The gross profit on marine communications systems was $160,849 (39% of such
sales), as compared to $379,551 (41% of such sales) in the same quarter last
year, a decrease of $218,702 or 58%. Product mix was comparable to the prior
year, but profit margin decreased slightly due to higher costs attributable
to lower production rates.

The gross profit on marine instrumentation systems was $109,632 (42% of such
sales), as compared to $172,999 (36% of such sales) in the same quarter last
year, a decrease of $63,367 or 37%. Improvement in gross margin rates was due
to a more favorable product mix.

Operating expenses were $1,217,213 (113% of net sales), as compared to
$1,250,115 (62% of net sales) in the same quarter last year, a decrease of
$32,902 or 3%. Operating expenses were lower than last year, but constituted
a larger percentage of significantly lower net sales. Engineering expenses
increased 6%, with most of the increase in outside engineering services
related to new product development. Total selling expenses declined $75,213
or 14%. Expenses such as commissions and warranty provisions which are tied
closely to sales declined with the overall decrease in revenues. Marketing
department wages and product royalty expense also declined. Administrative
expenses increased $27,157 or 9%. Lower professional fees were offset by
increases in corporate administration expenses such as insurance, stock
transfer services and benefit plan administration. Narrowband expenses are
comprised primarily of site rental and depreciation. Site rental expense was
comparable to the same quarter last year and depreciation was lower as a
result of assets disposals during the prior year.
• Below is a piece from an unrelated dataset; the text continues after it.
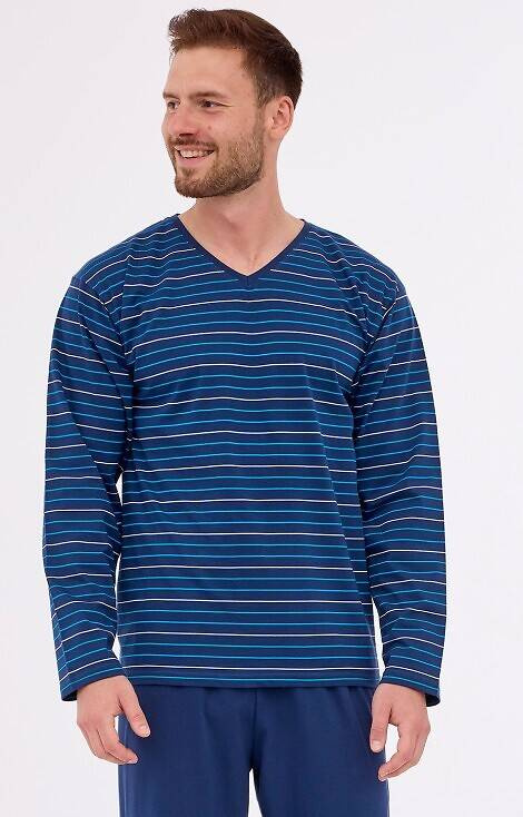 Piżama męska z wysokiej jakości bawełny. Bluza z długim rękawem w paski, dekolt w szpic. Do kompletu długie proste spodnie. Pakowana w pudełko.

Interest expense decreased $48,167 or 39% from the same quarter last year.
Lower average loan balances on both bank and subordinated debt offset the
increased interest rate on bank borrowings. Common stock warrants are
typically issued in connection with the extension of the Company's senior and
subordinated debt. The fair value of common stock warrants is charged to
interest expense over the term of the extension.
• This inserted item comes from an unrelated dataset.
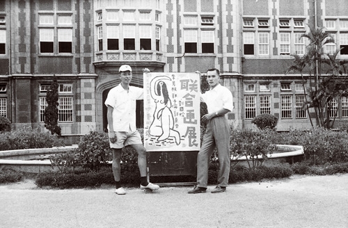 郭東榮(右)1956年在師大藝術系舉辦「4人聯合畫展」。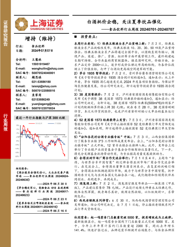 【上海证券】【20240707】20240707-上海证券-食品饮料行业周报:白酒批价企稳,关注夏季饮品催化-20页

Other income for the current quarter was $8,548 compared to $27,454 in the
comparable quarter last year. The current quarter included revenue from non-
recurring engineering services. The previous year included a gain on the
sale of narrowband site equipment.

Income taxes were zero for 2001 and 2000 because the Company fully reserves
its deferred tax asset.

Liquidity and Capital Resources

On December 30, 2000, the Company's principal sources of liquidity consisted
of approximately $25,000 in cash and equivalents. Net cash used in operating
activities for the three months ended December 30, 2000 was $1,368,531, a
decrease of $1,478,973 from net cash provided by operating activities for
the same period in the prior year. Net cash provided by financing activities
was $1,183,525, the source of which was new bank borrowings and common stock
subscriptions. At December 31, 2000 the sales order backlog stood at
$4,629,000. Of the total December 30, 2000 backlog, land mobile products
represented $3,624,000, marine communications products represented $829,000
and marine instrumentation products represented $175,000.

On November 1, 2000 the Company entered into an agreement for a variable
line of credit for up to $1,000,000 with interest payable monthly at 9.0%
over prime (18.5% at December 30, 2000). The agreement provides for advances
based on accounts receivable balances. At December 30, 2000 the balance
outstanding on the line was $343,013, the maximum amount available at that
time. The line is collateralized by all of the Company's assets.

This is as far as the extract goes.